Then I met my amazing better half  of almost 38 years who when not counting beans  for a living loves to bake and would love to bake more often but is now stuck with an old gimp ex soldier to take care of so her time is limited to spend time researching how to make great pie dough, artisan bread, cheese scones and really good biscotti etc which are her future challenges hopefully but she tries often late at night bless her ,as she runs a bake sale at work for charity too I know Super Women she is And I ignorantly thought I was the tough one hey

Sorry for going off track here but to all who helped I really appreciate your help and input. I will contact one of the suppliers you linked and see what deals can be made tomorrow

Cheers All

Jumper


----------



## summer57 (Sep 21, 2010)

Hi Jumper,

You're in Beautiful Brentwood Bay! A little bit of heaven! If your better half is interested in artisan bread, maybe drive up to True Grain bakery in Cowichan Bay one day this summer. They grind their own flour on site.
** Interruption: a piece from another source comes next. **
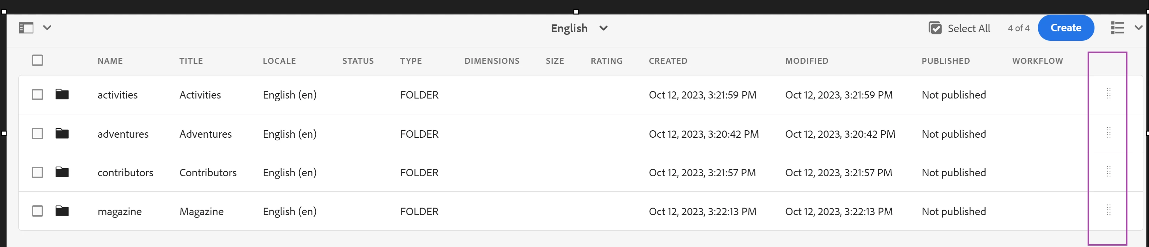 sling:orderedFolder -: The following node type is sling:folder + an ordering scheme bundled into one. The assets could be ordered in the List View by drag and dropping a handle at the right hand side of the list – as long as the parent folder was set to "Orderable" (i.e. had a "sling:OrderedFolder" type in JCR).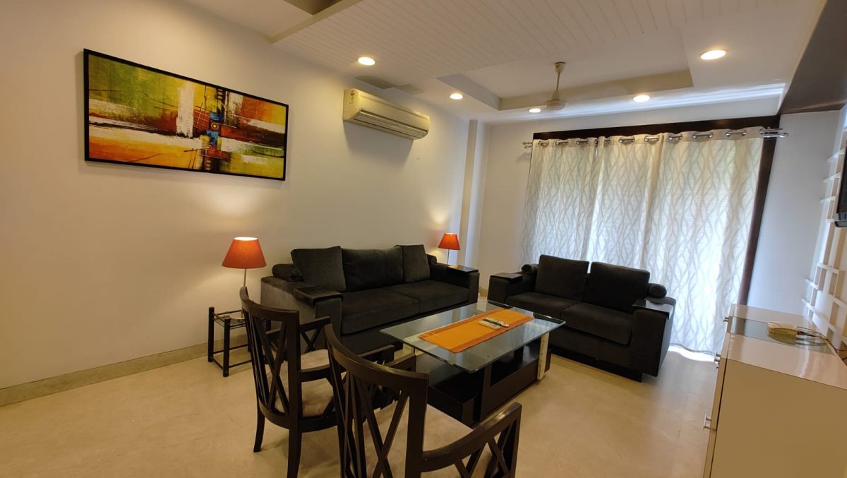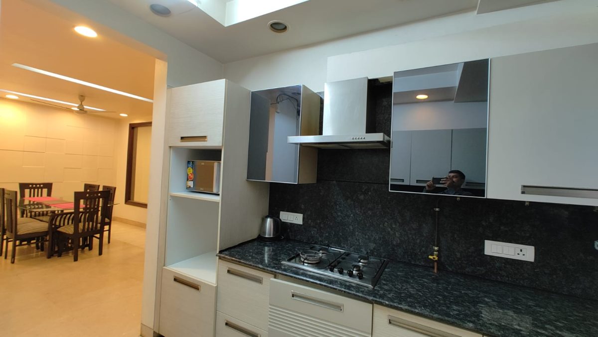 Evergreen Apartments offers 3 bedroom hall & kitchen (BHK) Service Apartment in Saket, New Delhi for short/long term is spread over 1500 square feet and has 3 spacious bedroom with attached bathroom and front side balcony, large living and separate dining area and fully equipped modular kitchen is located in a nice peaceful area with big park on the corner and walking distance from Saket and Malviya Nagar Metro Stations. Select Citywalk, Dlf Saket Malls ,Max Hospital Saket are nearby.

There's nothing like freshly-ground flour - I've used their Red Fife whole wheat flour, so much better than supermarket flours.

And Luc - great detective work!


----------



## jumper (Jan 15, 2012)

Hiya Summer, many thanks for the update and suggestion  We are heading up there sometime soon a little birdie told me, so will take a look so we know where it is for summer crops etc 

The Queen loves to bake artisan breads so I have bought her a few (good) books to work from and some work well and others during tax time perhaps a little less than perfect  I would love to get her proper lessons but perhaps in a couple of years when retirement arrives if the goalposts stay still long enough to make it happen heylol

Reconnecting to the great folk on this list and me supplying her with bits and pieces of info from folks who work in the field have been really useful as have been the few recipes I have been supplied over the last couple of years.  Being creative during tax season is hard but its nearly over again so if anyone has fail safe baking recipes to share as noted in an earlier message in this post I will gladly accept so the Queen can reign supreme heylol

Cheers Jumper


----------